Commission Result: ⬜ PASS / ⬜ FAIL Notes: (findings)

S4 — Generator auditor detects enum drift

Trigger: pgEnum in schema has 3 values; TypeScript union in generated types has 5 values

Checklist:

auditGenerator(input) returns ≥1 finding with evidence.pgEnumCount: 3
evidence.tsUnionCount: 5 present in the finding
evidence.enumName names the specific enum that drifted
Mismatch does not produce empty findings[]

Forbidden: Mismatch exists but auditor returns empty findings[].

Evidence: unit — drmg/__tests__/story-s4-generator.spec.ts

Commission Result: ⬜ PASS / ⬜ FAIL Notes: (findings)

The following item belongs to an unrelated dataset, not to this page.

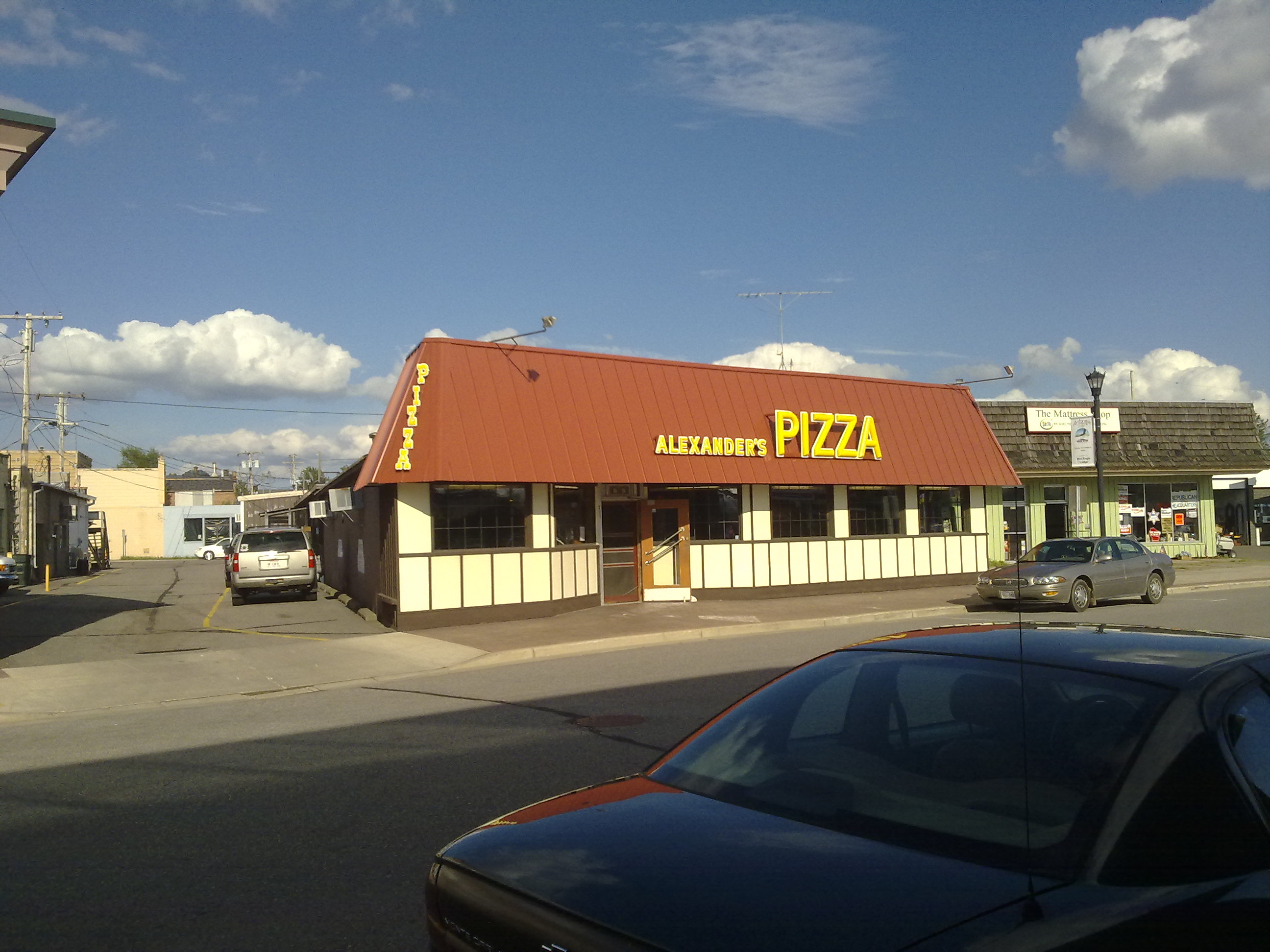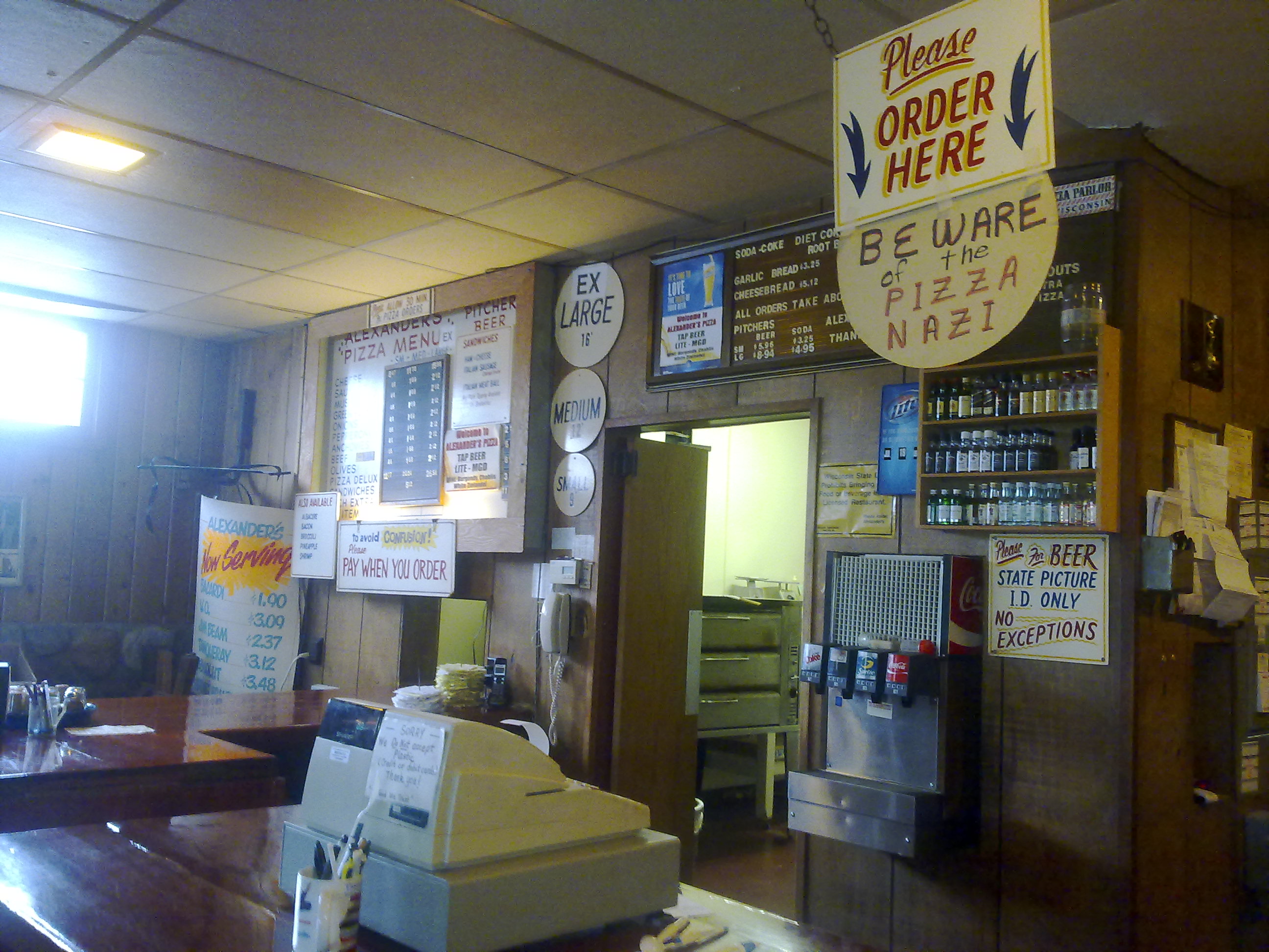 Hoy un poco sobre donde trabajo. Dicen que la mejor pizza de la area se encuentra en Alexanders, donde yo trabajo. El local lleva ya más de 30 años abierto, elaborando una receta única para la masa y con unos ingredientes bastante buenos... supongo que no debería decir nada más. Bueno, en todos estos años han pasado por aqui personas bastante famosasa como Harrisson Ford o Sandra Bullock, además de un montón de jugadores de equipos de basket, hockey, futbol... que yo no conozco.Hay una anécdota buena. Hay un capítulo de Seinfeild (un clásico de los 90, que gran serie) que se llama the Nazi soup, yo no lo he visto pero va de una tienda donde sirven sopas en nueva york. Resulta que el dueño es un auténtico nazi, no se porta muy bien con sus clientes pero su sopa es tan buena que a pesar de ello la gente no deja de ir. El escritor de este capítulo vino un dia a la pizzeria y conocío a mi jefe. Mi jefe también es un nazi, deberias verlo hablando con los clientes. Tras hablar un poco con él, el guionista de seinfeld le dijo que si le hubiera conocido antes, el capítulo se habria llamado the nazi pizza. Desde entonces el jefe ha colgado un cartel que pone "Beware of the pizza nazi" donde atiende, refiriéndose a él. Y es bastante nazi.

S5 — Virtue auditor proves the loop is improving

Trigger: 3 prior audit result records exist in DB with increasing generator tier catches across runs 1→2→3

Checklist:

auditVirtue(runs) returns finding where evidence.trend: "improving"
evidence.periods contains data from all 3 runs
Auditor with 0 or 1 run in DB produces no non-empty finding — requires ≥3 runs
Flat or declining trend does not return "improving"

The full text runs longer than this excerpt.